Choosing to present Mozart’s The Marriage of Figaro in a modern setting, director Nicholas Cannon says (in his program notes) that its central themes of “classism, sexism and misogyny are just as relevant more than two hundred years later”.

Pelham Andrews, Cherie Boogaart, Jeremy Kleeman and Jessica Dean in The Marriage of Figaro. Photo © Andrew Beveridge

It is harder to follow his notion that Figaro reflects the problems within our own political system, though once pointed out, Ailsa Paterson’s set design can be seen as reflective of Canberra’s architecture, particularly in Act II (despite this being the most traditional of the production’s sets with its high windows and stately central chandeliers).

The opening set, Coburn-influenced floor patterns aside, could be any modern office, complete with dumpster bin, photocopier and filing cabinets – and yet it also contains a fold-down couch central to the first acts actions between Susanna and her husband-to-be, Figaro.

All male members of the cast are dressed in a variety of suits, as does Susanna herself. And yet Mozart and Da Ponte remain intact though their source, Beaumarchais’ play, as well as the libretto, loses the element of danger in its reversals of roles and ensuing subterfuge.

State Opera South Australia’s The Marriage of Figaro. Photo © Andrew Beveridge

Musically this is a very fine production delivered with a fleetness and chamber orchestra-like clarity by the always dependable Adelaide Symphony Orchestra under conductor Tobias Ringborg, who directs from the fortepiano.

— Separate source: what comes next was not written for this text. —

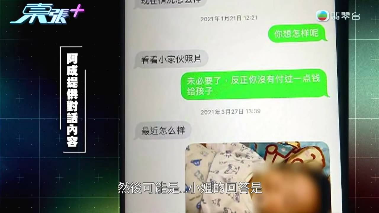 當《東張西望》主持吳幸美成功聯絡到一直避而不見的阿成時,這名汕尾漢子終於願意現身澄清。阿成激動表示自己絕非騙婚,更展示多張過數記錄反駁阿娥指控。記錄顯示他經常轉帳3,000至5,000元給妻子,有工作後更每月至少給1萬元家用。阿成憤怒地說:「我同佢割席,唔係為咗香港身份證,而係因為阿娥成日同我講錢,令我好反感!」他強調自己來港後立即在地盤做散工,4月中取得香港身份證後,4月尾已考獲牌照可以正式工作,絕非阿娥口中的懶人。更震撼的是,阿成向東張主持爆出一個驚人發現!原來阿娥將一部舊手機給兒子邦邦使用,不料被阿成發現裡面有阿娥與前男友馬先生未刪除的舊訊息。阿成當場展示手機內容,指對話涉及邦邦疑似是阿娥與前男友所生的孩子。這個發現令阿成懷疑自己被戴綠帽,4歲兒子邦邦可能並非親生。

Instrumental lines, particularly Mozart’s often giddy counterpoint, are well balanced throughout and Anthony Hunt’s chorus sings with a true sense of joy.

The cast is well selected, with Susanna delightfully played by Jessica Dean. While she may not be a minx, she displays cunning and keen intelligence, providing the perfect foil for Petah Cavallaro’s Countess. Emily Edmonds is an impish Cherubino. Cherie Boogaart’s vampish Marcellina and the plotting Bartolo are perfect.

The strongest of all in terms of stage presence and vocal power are the two principal male protagonists. Nicholas Lester is excellent as the continually scheming Count Almaviva, who never lets is his sense of position and elegance slide, while taking advantage of the old fashioned droit de seigneur with his female charges. Jeremy Kleeman’s Figaro, the Count’s aide and underling, is quick witted and cunning.

Overall, the presentation pulsates with life and joie de vivre. There is a youthful playfulness to this production with its well balanced and enthusiastic cast and musicians.

The only thing which it ay lacks is a sense of subversion, wherein the likes of Figaro, Cherubino and Susanna are seen to be dismantling the privileges of an almost feudal system – just as the French Revolution would a few years after Mozart delivered his controversial setting of what was an equally controversial play.

State Opera South Australia presents The Marriage of Figaro at Her Majesty’s Theatre, Adelaide until 25 November.